Risk-assessment programmes help ensure safe and robust manufacturing processes to mitigate risks to patient safety. Gathering the data for an initiative, however, can be time and resource intensive, and detailed information about consumables is often not readily available. Heike Michaelis, director of the Emprove programme from Merck Millipore – part of Merck – explains the value of an effective manufacturer-supplier partnership.


The International Conference on Harmonization (ICH) Q9 guideline on quality risk management is known as the ‘gold standard’ for risk assessment, advising companies on how to establish robust systems and providing tools for successful implementation. But success depends on an understanding of the foundational science, components and processes of the risks in question.

In pharmaceuticals, this means access to documentation and regulatory information on all of the chemicals and consumables used in a process. Data gathered from suppliers should include how products are manufactured, how quality is managed and how the manufacturer manages their own suppliers. How this information is used depends on the chemical or consumable.

Navigating the obstacles

Drug manufacturers often experience discrepancies between the information available, and what they need to ensure compliance and risk management. This can be especially challenging for companies in early development that may not be aware of the depth of information required for biopharmaceutical production.

In comparison with the relatively mature regulation of raw and starting materials, the regulatory landscape for biopharmaceutical processing is far less developed. When consumables are added to manufacturing processes, therefore, there is no clear expectation for what information is needed in risk-assessment documentation. At the very least, manufacturers need to know the risk of potential impurities from consumables, including extractables and leachables. While regulators attempt to establish a definitive way to assess risk from filters and single-use technology, current methods rely on evaluations of studies to determine levels of acceptable toxicological exposure. Not only is this approach time-consuming, but it may also require specific expertise, equipment and operator training.

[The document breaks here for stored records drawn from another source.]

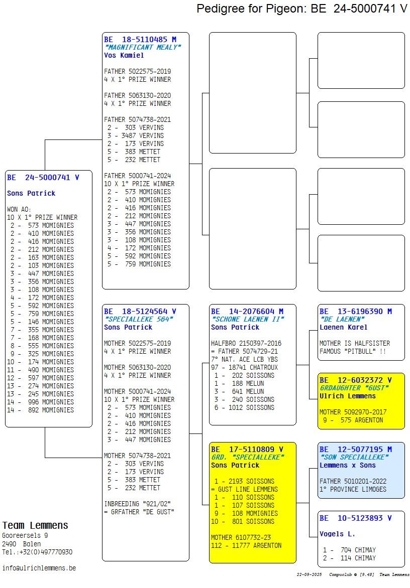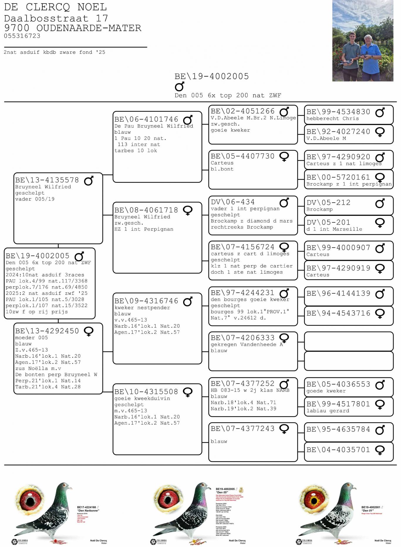 This top pigeon is no less than 6 years old and is now 2nd National Ace Pigeon marathon Distance Old Birds KBDB 2025. What a fantastic winner for this competition with 3 prizes. He also won a 69th Nat. Perpignan 4,850p - 117th Nat. Pau 3,368p and has won 10 prizes in marathon in his career
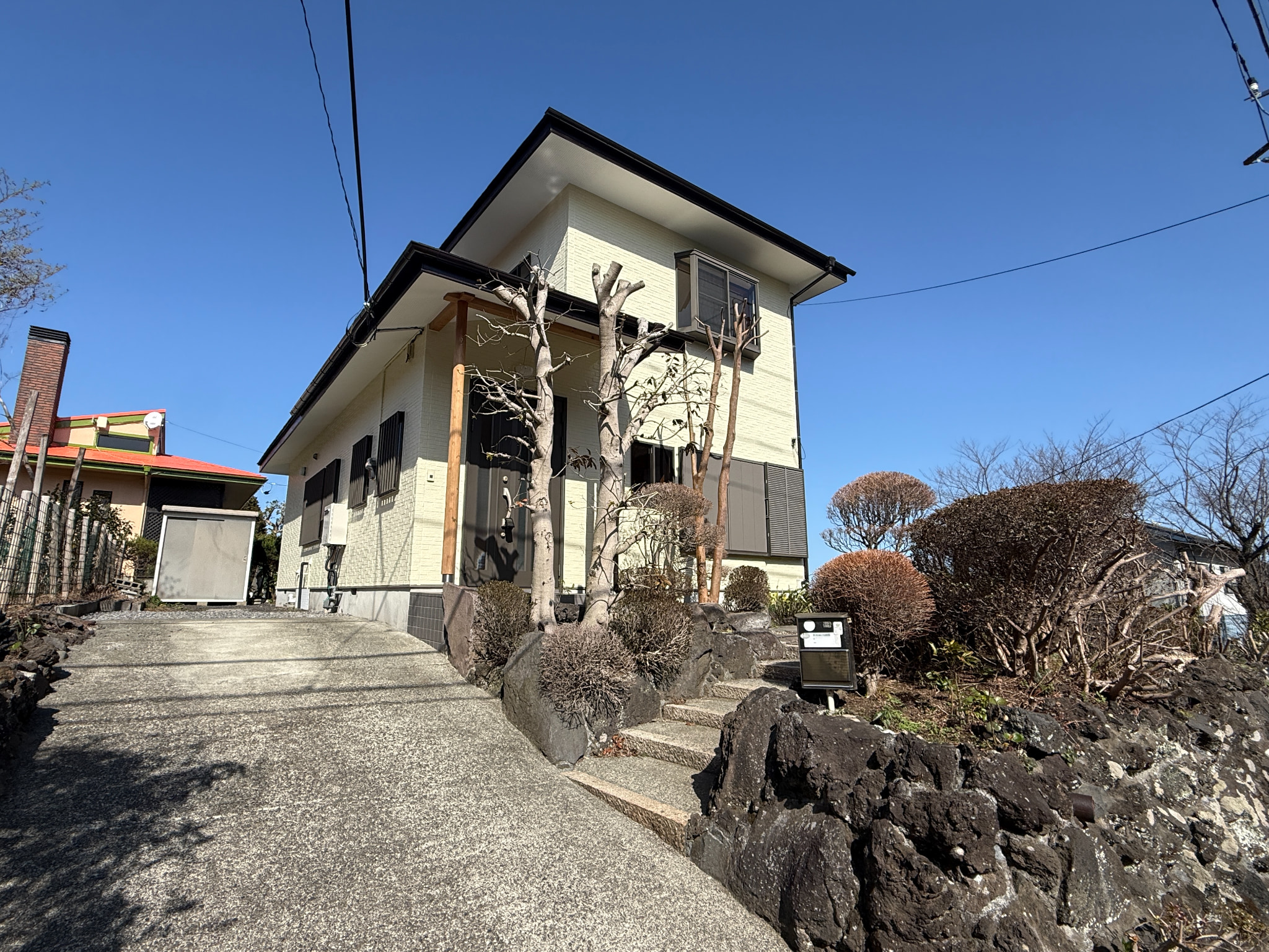 伊豆高原駅徒歩圏、建物状態良好、駐車スペース複数台、コンパクトなお庭と海眺望、小さなカフェや事務所兼住宅にもお勧め
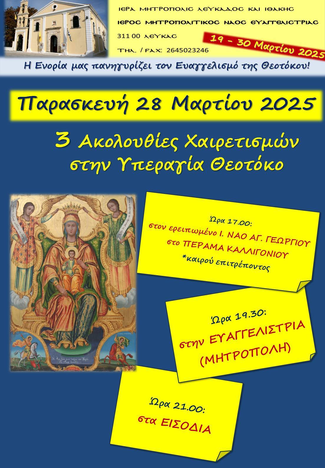 Το αυριανό –Παρασκευή Μαρτίου 2025– πρόγραμμα της ενορίας Ευαγγελιστρίας Λευκάδας με τρεις ακολουθίες Χαιρετισμών στην Υπεραγία Θεοτόκο.
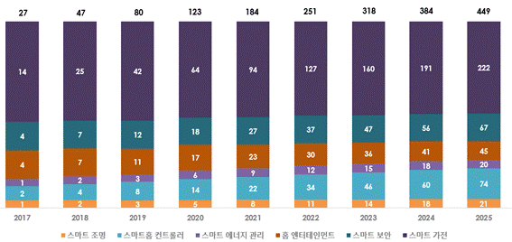 Statista는 2021년 베트남의 스마트홈 시장규모는 1억 8400만 달러에 도달 하고, 2021년부터 2025년까지 4년간 연평균 25.01% 성장하여 2025년 까지 4억 4900만 달러에 이를 것이라고 전망한다.
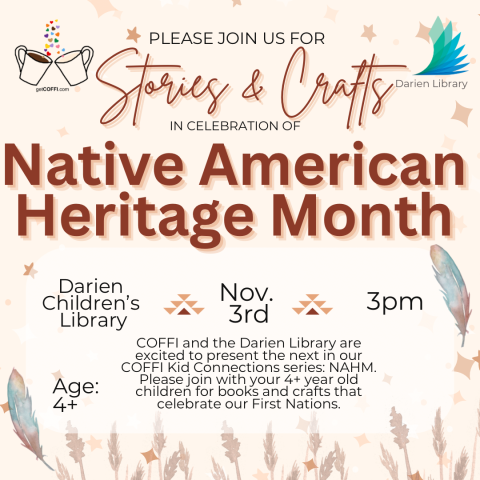Darien Library and COFFI invite you to our Native American Heritage Month Celebration. Join us to read books and crafts that celebrate our First Nations.
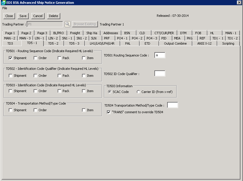 The TD5 screen is used to define HL levels for Transportation Details and define the data required to be sent in the TD5 elements.
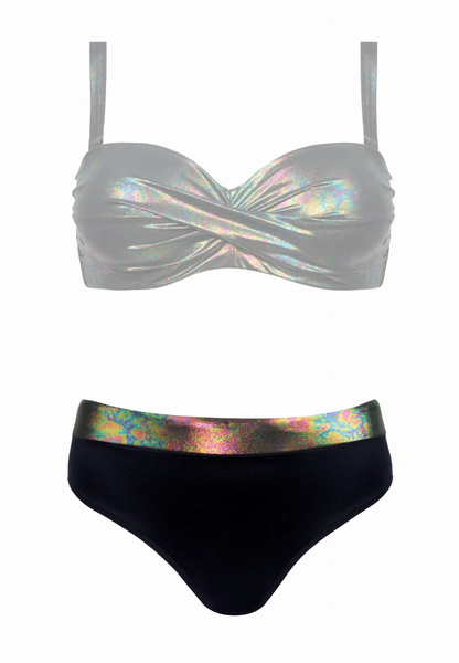 Model FD111 to damskie figi kąpielowe o klasycznym, ponadczasowym, sprawdzonym kroju i podwyższonym stanie, który idealnie dopasowuje się do sylwetki. Ozdobę stanowi, mieniący się kolorami pas, który dodatkowo zapewnia lepsze trzymanie na biodrach i nieco spłaszcza okolice pod pępkiem, wysmuklając okolice brzucha. Perfekcyjnie zaprojektowane o anatomicznym kroju, gwarantują prawdziwy komfort noszenia. Majtki plażowe posiadają szersze boki i pełny tył.
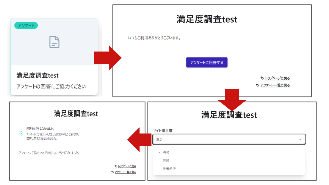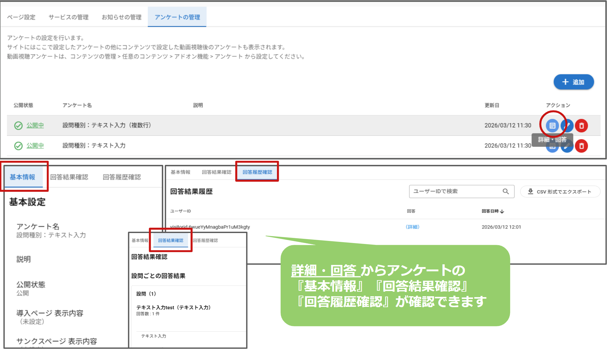 ①コンテンツにアンケートを紐づける場合の操作手順はこちら をご覧ください。
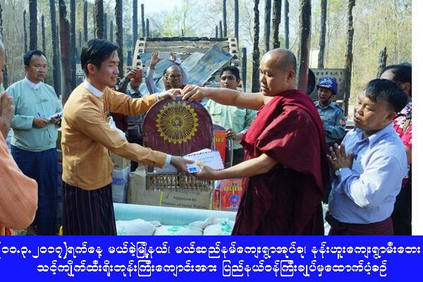 (၁၀-၃-၂၀၁၇) ရက်နေ့၌ ဘောလခဲခရိုင်၊ မယ်စဲ့မြို့နယ်၊ နမ်ဆည်ကျေးရွာအုပ်စု၊ နန်းဟူကျေးရွာ ကျိုက်ထီးရိုးဘုန်းကြီးကျောင်း မီးလောင်ကျွမ်းခဲ့ရာ ကယားပြည်နယ်ဦးစီးမှူးရုံး (ကဆရ) မှ မီးဘေးသင့်သံဃာတော်များအတွက် (၁၁-၃-၂၀၁၇) ရက်နေ့တွင် ပြည်နယ်ဝန်ကြီးချုပ်ခရီးစဉ်အတွင်း မိုးကာလိပ် (၁) လိပ်၊ (၆) ဦးဆံ့မိုးကာတဲ (၁) လုံး၊ ဒန်အိုး (၄) လုံးနှင့် Family Kit (၂) စုံတို့ထောက်ပံ့ပေးခဲ့ပြီးဖြစ်သည်။
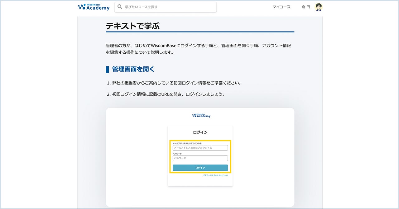 WisdomBase Academyでは、初期設定の手順や使用頻度の高い操作など、オンボーディング時にご説明している内容を、動画とテキストで解説しています。
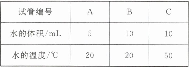 4.现有三支试管,分别加入不同温度和体积的水,试管编号及相关数据如下表。
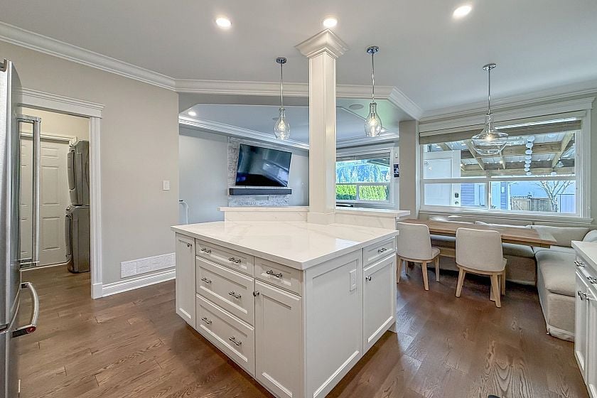 Located in the highly sought-after Boulevard neighbourhood, this beautifully maintained 3,300 sq. ft. executive family home sits on a flat lot with exceptional curb appeal. The current owners have completed numerous tasteful upgrades that rival many newer homes. Bright living spaces feature a cozy gas fireplace and engineered hardwood flooring throughout. The modern, open kitchen flows seamlessly into the family room with level access to a spacious deck and private, manicured backyard. Ideal layout with four generous bedrooms up, including a well-appointed primary retreat. The fully finished lower level offers a large recreation room with a bar, potential for two additional bedrooms, plus a self-contained one-bedroom suite. Steps to parks, schools, and recreation. Open Wed March 4th 10-12
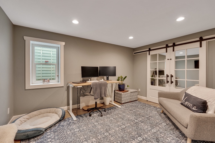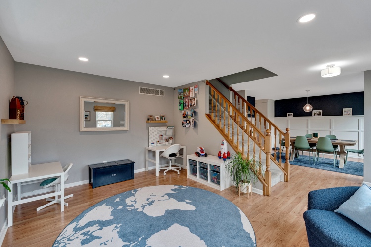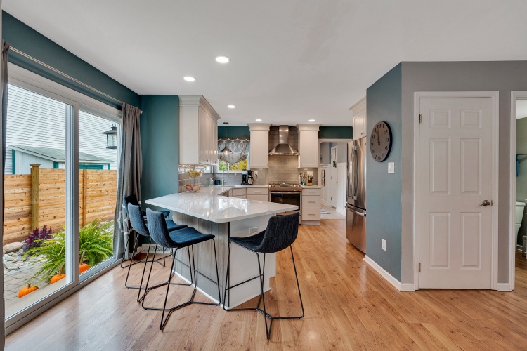 The heart of the home is the beautifully renovated kitchen, featuring crisp white cabinetry, quartz countertops, stainless steel appliances, gas cooking, under cabinet/task lighting, recessed lighting, seating for four, the all important window over the sink, and an easy flow to both the dining area and the spacious family room.
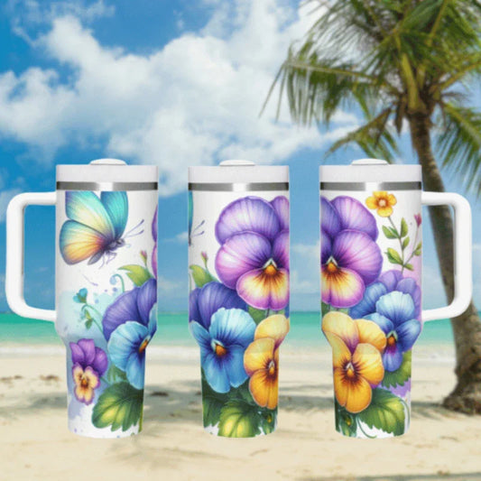 Pansy Flowers & Butterfly 40 oz Tumbler
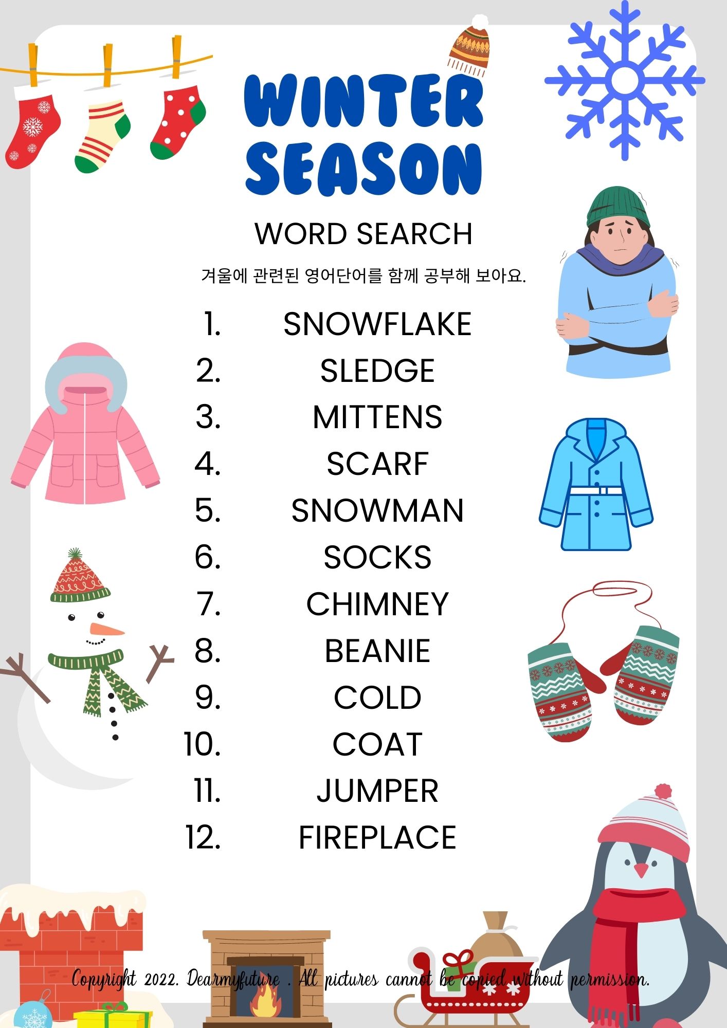 오늘은 겨울관련 영어단어 게임방법과 학습지를 안내드렸습니다.

In such uncertainty, biopharmaceutical manufacturers must partner with suppliers to facilitate quality risk-management programmes, which puts suppliers in a unique position to ease the burden on manufacturers. A strong manufacturer-supplier partnership can be especially beneficial for emerging companies scaling up from pre-clinical to full production.

Together in success

With access to state-of-the-art testing and knowledge, suppliers can help drug manufacturers access the information they need. In the past, manufacturers have contacted multiple parties to collect this data, but supplier risk-assessment programmes such as Emprove from MilliporeSigma simplify this process, and save manufacturers time and money associated with performing their own testing. Such programmes address the challenges manufacturers face in preparation of quality risk management.

The Emprove programme today encompasses hundreds of raw and starting materials used by drug manufacturers and, in June, it was expanded to include products for filtration and single-use processing. It addresses current and future regulatory needs, and helps risk reduction throughout manufacture. The programme also expedites approval preparation. For drug manufacturers, understanding the chain of custody aids in assessing the risk of falsification, so Emprove provides details of who produces, fills, labels, tests and releases the material. Information is accessed by customers through the online electronic original-manufacturer-tracking (eOMT) procedure.

With Emprove, biopharmaceutical manufacturers can access information for over 400 products online, plus dossiers on material qualification, risk assessment and process optimisation. The qualification dossier supports qualification efforts, with content on manufacturing processes, certificates, stability summary and more. The quality-management dossier supports risk assessment with information on supply chain, supplier management and product stability. The operational-excellence dossier offers elemental-impurity information (ICH Q3D) and analytical procedures.

For filtration and single-use products, documentation includes details on extractables, residual solvents and elemental impurities for products used in manufacturing. Customers also have easy access to labelling information, shelf-life data, sterilisation procedures, packaging testing, audit report summaries and management processes for suppliers.

The operational-excellence dossier also includes a product-quality report, derived from MilliporeSigma. It includes information about batches, trends in ongoing stability studies, changes during a surveillance period, significant parameters for which effective values are required by pharmacopoeias, and intentionally added elements and results from testing of different batches for 24 elements, in line with ICH Q3D guidelines.

In the potentially complex process of formulating quality risk management, biomanufacturers can benefit from working with trusted suppliers that are in unique positions to provide risk-assessment information. This type of supplier-manufacturer partnership can ensure manufacturers have what they need to produce safe products for patients around the world.